Cash in on change in emerging markets

Each week, a professional investor tells us where he’d put his money. This week: Chetan Sehgal, Lead Portfolio Manager, Templeton Emerging Markets Investment Trust.
After a strong start to 2019, global and emerging-market equities have hit turbulence thanks to changing US Federal Reserve policy and ongoing US-China trade-related negotiations or tweets. Against this volatile backdrop we continue to search for companies with sustainable drivers of earnings growth that can withstand ongoing market uncertainty.

Domestically orientated businesses may be well positioned to benefit from structural demand drivers, such as the confluence of technology and consumption in e-commerce, or consumers’ need for financial services.

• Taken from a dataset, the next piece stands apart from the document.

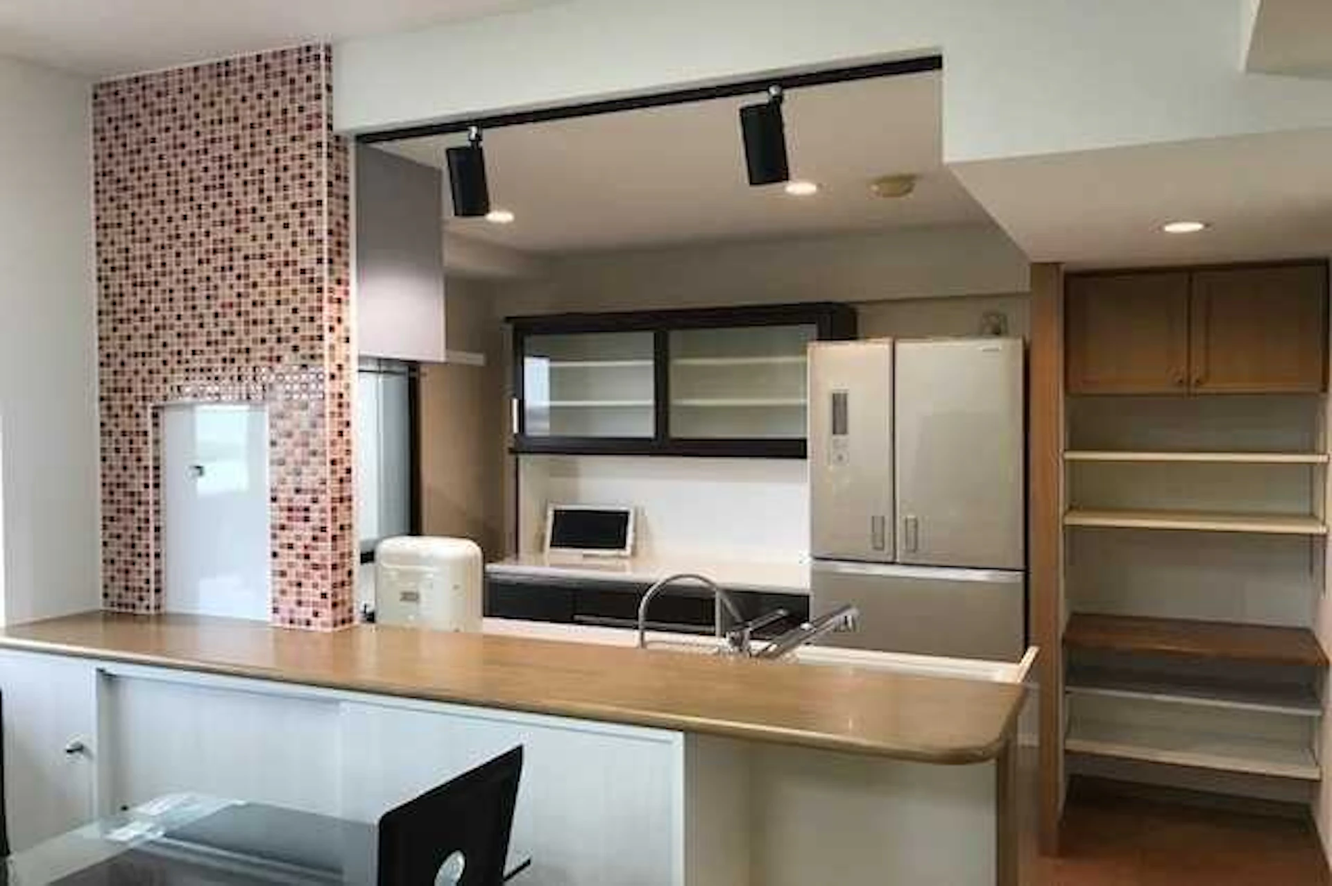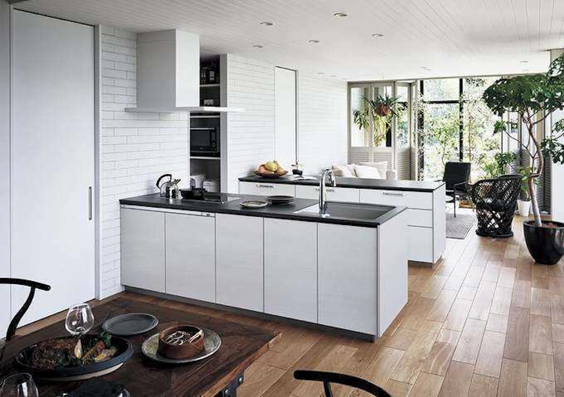 デザイン性に優れたLクラスに交換しました。カウンター下の収納も充実しており、使いやすさ抜群。なおダイニング側には大きめサイズのカウンターを設置しているので、軽食や読書などを楽しむのも良いですね。

Seek out Korea’s top search engine
A structural shift likely to endure is the role of technology in driving global GDP growth, particularly within emerging markets. Naver (Seoul: 035420) is the leading online search engine in Korea and has been early to adapt to changing online advertisement-market dynamics. The company has integrated its search functionality with e-commerce and content to maintain its market leadership. It now handles around a fifth of e-commerce traffic in Korea.
Naver is also among the leading payment companies in both Korea (Naver Pay) and Japan (through its social-media subsidiary, Line). It is thus facilitating e-commerce growth as well as benefiting from it. Reflecting the success of this online ecosystem, Naver was ranked ninth on Forbes’ Most Innovative Companies list in 2018.
A boost for Brazil
The election of Jair Bolsonaro (pictured) as president of Brazil boosted hopes of economic reform and an improvement in the growth outlook. Private-sector banks stand to gain from a pick-up in the lending cycle, especially if they have adequately addressed non-performing loans. Banco Bradesco (NYSE: BBD) is one of Brazil’s largest financial conglomerates, providing a full range of banking and financial services.
The company is leveraged to the economic recovery, benefits from a concentrated banking sector and gains from an extensive retail-distribution network that provides exposure to household spending. Ongoing government-led reforms are also expected to unlock demand for corporate lending.
Roaring ahead in Russia
Russia has been a strongly-performing market in the last year despite macroeconomic and geopolitical risks. Sberbank (Moscow: SBER) is the largest bank in Russia and has been expanding its market share as the industry has consolidated.
Smaller competitors without access to the state deposit insurance system have fallen by the wayside as they have struggled to attract retail depositors. Sberbank has a strong focus on technology, dominating peer-to-peer transfers and card issuance, while its online mortgage app and e-commerce business are growing. An emphasis on reducing costs (by closing retail branches, for instance) is improving overall efficiency and margins.